David Leonhardt’s piece in today’s Times (link at the bottom) is a
good example of the genre: hiring is low because people aren’t
spending enough. He’s a wonderful writer, but I don’t buy this one.
To start, there’s the issue of causality -- does spending drive the
economy or the reverse? Honestly, it’s hard to say. But there are
also some issues of fact that don’t fit the consumption bust story.
Among them:

* The dollar value of consumption hasn’t dropped at all as a fraction
of GDP. In fact, it’s at an all-time high. See line 2 of

http://www.bea.gov/national/nipaweb/TableView.asp?SelectedTable=14&ViewSeries=NO&Java=no&Request3Place=N&3Place=N&FromView=YES&Freq=Qtr&FirstYear=2000&LastYear=2011&3Place=N&Update=Update&JavaBox=no#Mid

* Real consumption growth hasn't dropped. It did the usual thing
during the great recession: it fell less than GDP did, then the
reverse on the rebound. I don't see how you can look at this and see
a collapse in consumer spending. See:

http://research.stlouisfed.org/fred2/graph/?g=19y

* Personal saving -- in some ways the opposite of spending -- has
risen, as many have noted, but it looks to me like an oddity: the
government’s saving has fallen enough to more than reverse this. To
put it more clearly, today’s low tax revenues show up as high personal
saving and low (negative) government saving. That’s not the kind of
thing we have in mind when we talk about saving going up, and it’s
likely to be temporary in any case.

* Household net worth (expressed as a ratio to GDP) shows at most a
modest uptick in the recent past, so the increase in personal saving
has yet to make a significant dent in household balance sheets:

http://pages.stern.nyu.edu/~dbackus/CA/ms/fact_fiction_figures.pdf

* Where Leonhardt is exactly right is on durable goods spending (cars,
appliances, furniture) and residential construction (new houses). See
lines 4 and 12 of the first link. Those are relatively small
components of GDP, but there’s no question they’ve gone down and
remain well below their pre-crisis levels. Housing I think we
understand -- we overdid it, and won’t need to add to the stock at the
same rate as before. Cars I don’t know. Are people driving less?
Driving older cars? Living in Manhattan, it’s hard to get a sense of
this, there still seem to be lots of yellow cars around.

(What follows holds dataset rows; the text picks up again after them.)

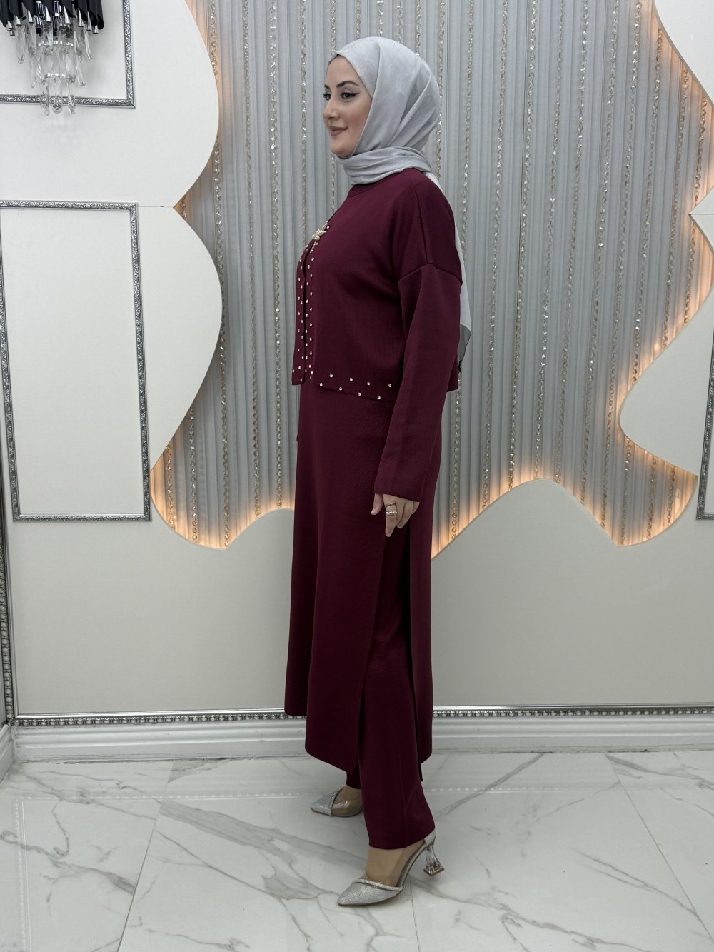 Omay 3’lü takım Bordo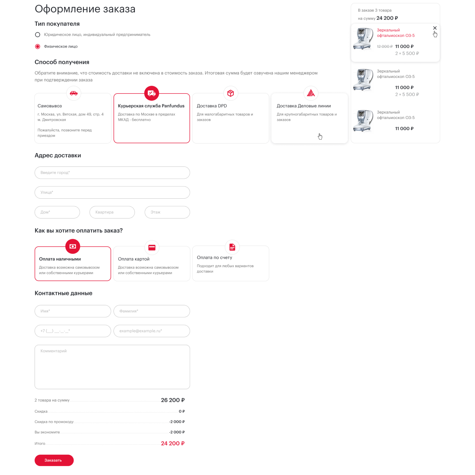 • Способ получения (самовывоз, курьерская служба, доставка DPD, доставка Деловые линии)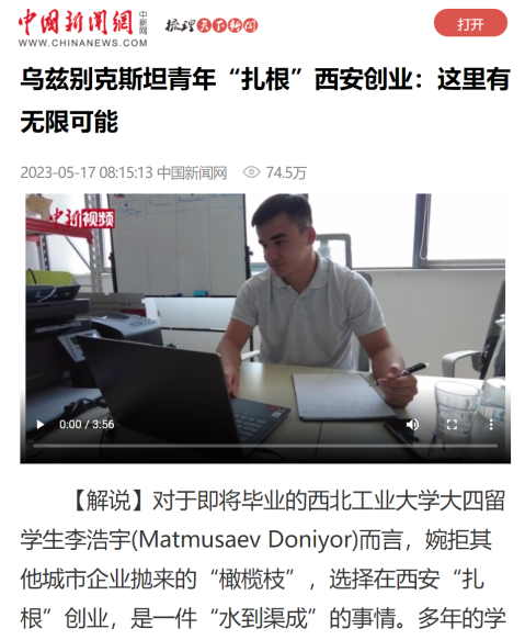 2023年5月中国-中亚峰会召开之际,来自中亚国家的留学生受到了新华社、中新社、凤凰卫视、国际在线、陕西日报、西安日报、西安广播电视台等媒体采访。他们在学校刻苦求学,在西安生活浸润,在中国奋斗成长,不断取得收获。从了解中国到读懂中国,再到成为“中国故事”的一部分。他们用心用情讲述他们的“中国故事”,喜迎中国-中亚峰会的召开。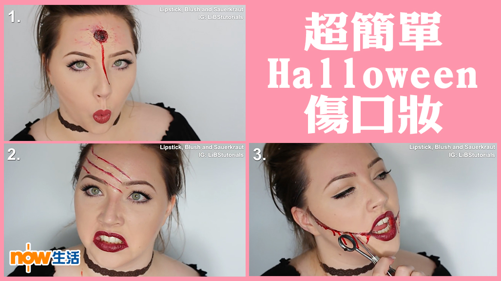 【now.com生活】過兩日就是Halloween萬聖節,要去Party但又唔識化特效裝?唔好再喺玩具街買面具咁求奇喇,學吓YouTuber Lipstick, Blush and Sauerkraut 化超簡單傷口妝啦,15分鐘就搞掂,連乳膠(Latex )都唔使買!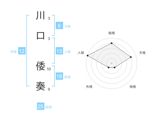 川口 倭奏さんを姓名の画数から五運を鑑定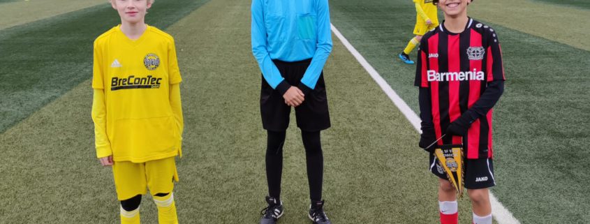 Auch im Mitteldrittel gehörte die erste Chance uns. Es waren sechs Minuten gespielt und es startete ein schneller Angriff über die rechte Seite. Leon zog zur Torauslinie und passte flach vor das Tor. Der Torhüter hechtete heraus, konnte den Ball aber nicht festhalten und Henry beförderte den Ball mit dem Rücken zum Tor stehend per Hacke über die Linie. Das gab neue Hoffnung. Dann eine schöne Kombination zwischen Til und Maik, der auch zum Abschluss kam – allerdings mit zu wenig Druck und der Torhüter konnte parieren (36.). Eine Minute später erneut Freistoß aus guter Position an der Strafraumgrenze – und erneut traf Jack nur einen rot-blauen Gegenspieler. Dann die große Chance zum Anschlusstreffer. Erneut marschierte Leon auf der rechten Seite und passte quer auf den freistehenden Maik, der aber den Ball nicht richtig traf (41.). Und wenn du vorne die Bude nicht machst, … – ihr wisst schon. In der 44. Minute ein Freistoß der Borkener in der eigenen Hälfte, der nur mäßig hart auf unser Tor geschossen wurde. Aber an Freund und Feind vorbei rollte der Ball ins Tor zum 4:1.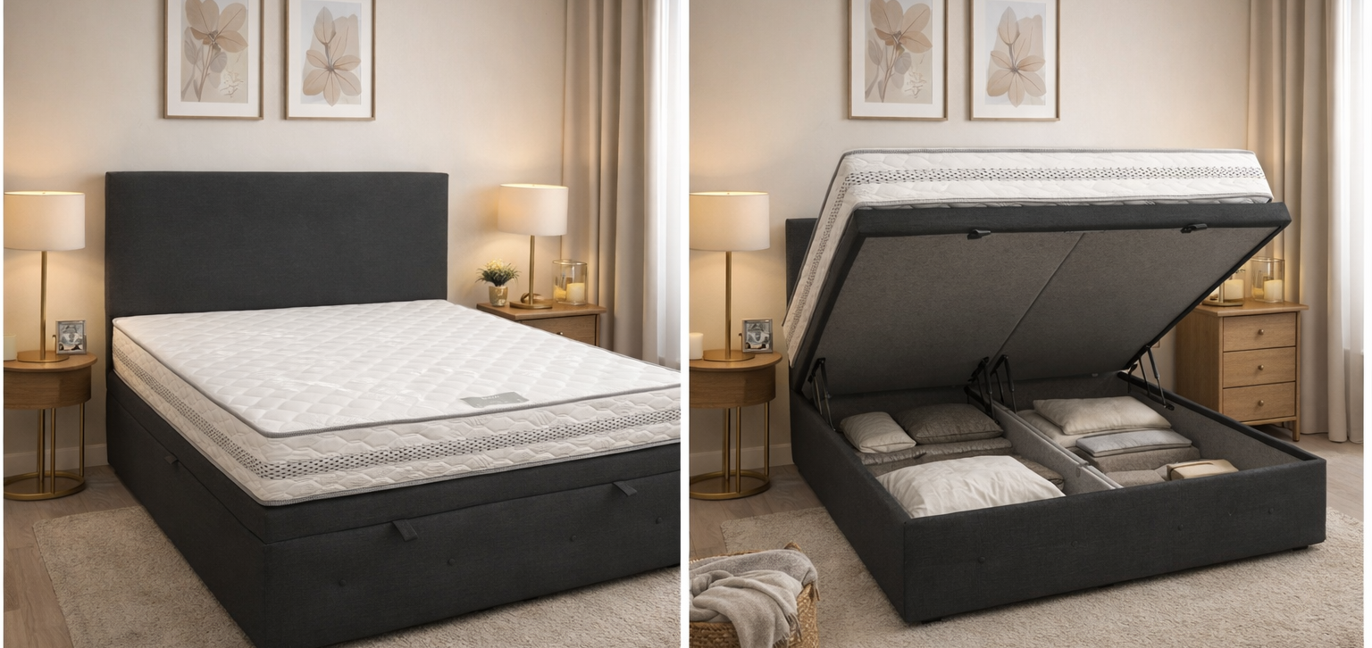 SOMMIER COFFRE DE RANGEMENT ET TETE DE LIT
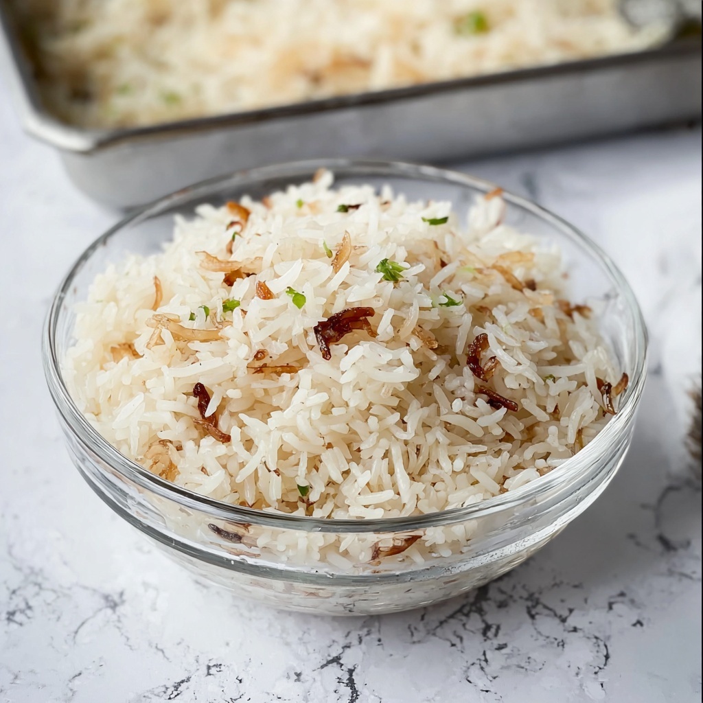 Once out of the oven, fluff the rice gently with a fork to separate the grains and release steam. Sprinkle chopped fresh parsley over the top to add a fresh, herbal brightness that complements the rich, savory flavors perfectly.

Anyway, that’s food for thought. But if consumption isn’t the culprit
behind the discouraging job picture, what is? We’re now planted
firmly in the land of speculation, but here are a couple thoughts.

(i) Employment recovery has been slow coming out of every recession
since 1990-91. Has the world changed? Hard to say, it certainly
looks different from earlier periods. We also know from earlier
episodes that once recovery is well established, jobs will bounce back
as well.

(ii) There’s more than the usual amount of uncertainty right now, so
some firms may be waiting to see how things work out. We’d call it a
real option: hold off hiring till we know that the recovery is here
to stay.

Does that make sense or have I lost my mind? As I tell my students
and colleagues, it’s free advice, worth what you paid for it.